Question

find an equation for the perpendicular bisector of the line segment whose endpoints are (-1, -1) and (9, -5).

Explanation:

Step1: Find the mid - point of the line segment

The mid - point formula for two points $(x_1,y_1)$ and $(x_2,y_2)$ is $(\frac{x_1 + x_2}{2},\frac{y_1 + y_2}{2})$.
For points $(-1,-1)$ and $(9,-5)$, the mid - point $M$ is $(\frac{-1 + 9}{2},\frac{-1+( - 5)}{2})=(4,-3)$.

Step2: Find the slope of the line segment

The slope formula for two points $(x_1,y_1)$ and $(x_2,y_2)$ is $m=\frac{y_2 - y_1}{x_2 - x_1}$.
For points $(-1,-1)$ and $(9,-5)$, the slope $m_1=\frac{-5-( - 1)}{9-( - 1)}=\frac{-4}{10}=-\frac{2}{5}$.

Step3: Find the slope of the perpendicular bisector

If two lines are perpendicular, the product of their slopes is $- 1$. Let the slope of the perpendicular bisector be $m_2$. Then $m_1\times m_2=-1$.
Since $m_1 = -\frac{2}{5}$, we have $-\frac{2}{5}\times m_2=-1$, so $m_2=\frac{5}{2}$.

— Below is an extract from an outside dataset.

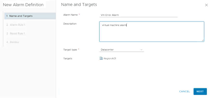 Alarm Name, Description bilgilerini doldurduktan sonra Target Type’dan ilgili datacenter’ımızı seçelim.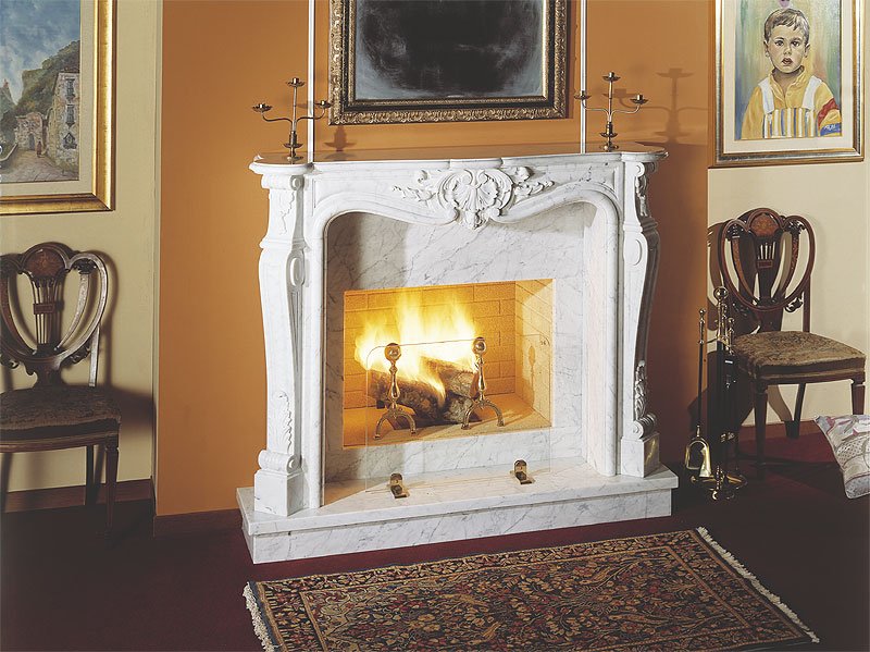 In foto cornice in marmo di Carrara lucido. Focolare QR100 refrattario.

Step4: Find the equation of the perpendicular bisector

Use the point - slope form of a line $y - y_0=m(x - x_0)$, where $(x_0,y_0)$ is the mid - point $(4,-3)$ and $m=\frac{5}{2}$.
$y-( - 3)=\frac{5}{2}(x - 4)$
$y + 3=\frac{5}{2}x-10$
$y=\frac{5}{2}x-13$

Answer:

$y=\frac{5}{2}x - 13$